Rather than tackling Ricardo head-on, recent skeptics of unfettered trade have argued that his logic is now irrelevant.  Whereas Ricardo assumed a world in which labor and capital goods were fixed within each country, and only final goods could cross borders, in today's global marketplace entire factories can be disassembled and shipped to wherever labor is cheapest.  Paul Craig Roberts, former assistant Treasury secretary in the Reagan administration, made just this argument when he teamed up with Charles Schumer for an article in the New York Times.1  The authors wrote that they had no problem with the classical case for free trade.  But things are not so simple in the new economy, where (for example) U.S. radiologists are being put out of work "because M.R.I. data can be sent over the Internet to Asian radiologists capable of diagnosing the problem at a small fraction of the cost."

But does this case really present any important difference from our story of English sweaters and French wine?  After all, if the Asian radiologists had simply programmed their knowledge into handheld M.R.I. readers that would yield expert diagnoses, and then shipped these machines to the U.S., the American radiologists would also be put out of work.  And yet this revised example falls completely under the assumptions of Ricardo's argument.  So are Roberts and Schumer saying that this type of development would be great—remember that sick Americans would now get cheaper medical treatment because of lower costs—but that the alternate method (i.e. sending the data over the Internet) is horrible?

The authors go on to pinpoint the causes of the disturbing new trend:

First, new political stability is allowing capital and technology to flow far more freely around the world.
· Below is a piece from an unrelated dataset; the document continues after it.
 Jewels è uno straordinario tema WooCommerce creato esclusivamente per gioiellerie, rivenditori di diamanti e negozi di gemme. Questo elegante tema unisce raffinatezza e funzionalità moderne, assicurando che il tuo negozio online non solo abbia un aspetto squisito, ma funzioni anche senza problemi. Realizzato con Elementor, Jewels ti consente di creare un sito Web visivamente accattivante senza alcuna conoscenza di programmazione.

Second, strong educational systems are producing tens of millions of intelligent, motivated workers in the developing world, particularly in India and China, who are as capable as the most highly educated workers in the developed world but available to work at a tiny fraction of the cost. Last, inexpensive, high-bandwidth communications make it feasible for large work forces to be located and effectively managed anywhere.

Is this what we've now been reduced to?  Lamenting political stability, educated workers, and improved communication?  Is it really the case that human cooperation—of letting people freely choose which products to buy, where to live, and where to invest their capital, regardless of arbitrary geographical boundaries—is only effective amidst political turmoil, ignorant workers, and the Pony Express?
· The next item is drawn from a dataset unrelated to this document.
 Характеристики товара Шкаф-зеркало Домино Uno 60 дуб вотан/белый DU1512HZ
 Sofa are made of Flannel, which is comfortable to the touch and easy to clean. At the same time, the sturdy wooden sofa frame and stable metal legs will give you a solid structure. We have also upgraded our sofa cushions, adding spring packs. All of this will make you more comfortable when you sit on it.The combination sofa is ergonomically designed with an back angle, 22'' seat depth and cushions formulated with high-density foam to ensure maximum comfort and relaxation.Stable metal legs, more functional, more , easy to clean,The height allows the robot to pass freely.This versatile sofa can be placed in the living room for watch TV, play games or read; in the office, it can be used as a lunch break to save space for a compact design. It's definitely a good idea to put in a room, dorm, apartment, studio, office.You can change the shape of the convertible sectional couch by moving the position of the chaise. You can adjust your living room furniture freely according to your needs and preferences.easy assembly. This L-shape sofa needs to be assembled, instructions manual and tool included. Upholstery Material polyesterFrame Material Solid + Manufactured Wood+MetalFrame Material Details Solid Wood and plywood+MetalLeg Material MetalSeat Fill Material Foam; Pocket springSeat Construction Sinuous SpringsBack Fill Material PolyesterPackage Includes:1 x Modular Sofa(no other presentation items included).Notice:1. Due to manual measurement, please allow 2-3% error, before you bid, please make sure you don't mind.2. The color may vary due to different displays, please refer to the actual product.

When it comes to international trade, there are many sensitive issues, and of course we must consider them all before reaching any conclusions.  However, we must resist the tribe mentality, of assuming that beneficial changes to them must necessarily translate into misery for us.  Today's question—"Import workers or export jobs?"—invites the zero-sum mindset if it is viewed as an either-or choice.  (If we opt to import workers, then they must be exporting jobs, and vice versa.)  Indeed, to ask whether it is fair to allow workers to seek a better life for themselves implies downright slavery—that they are "our" workers and can only be allowed to migrate with our permission.
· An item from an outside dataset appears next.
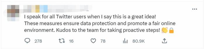 但也有網(wǎng)友對此表示歡迎,表示“我代表所有的推特用戶聲明,這是一個(gè)好主意!這些措施能確保數(shù)據(jù)得到保護(hù),同時(shí)促進(jìn)公平的網(wǎng)絡(luò)環(huán)境。感謝團(tuán)隊(duì)采取積極措施。”

Change always causes short-term pain for some groups; the clichéd examples of switchboard operators and horse-and-buggy manufacturers come to mind.  Yet in the long run everyone benefits from cooperation.  We must abandon economic sophisms and recognize the obvious truth that political freedom, smarter workers, and better technology are cause for celebration, not fear.

  • 1Charles Schumer and Paul Craig Roberts, “Second Thoughts on Free Trade,” New York Times, 6 January 2004.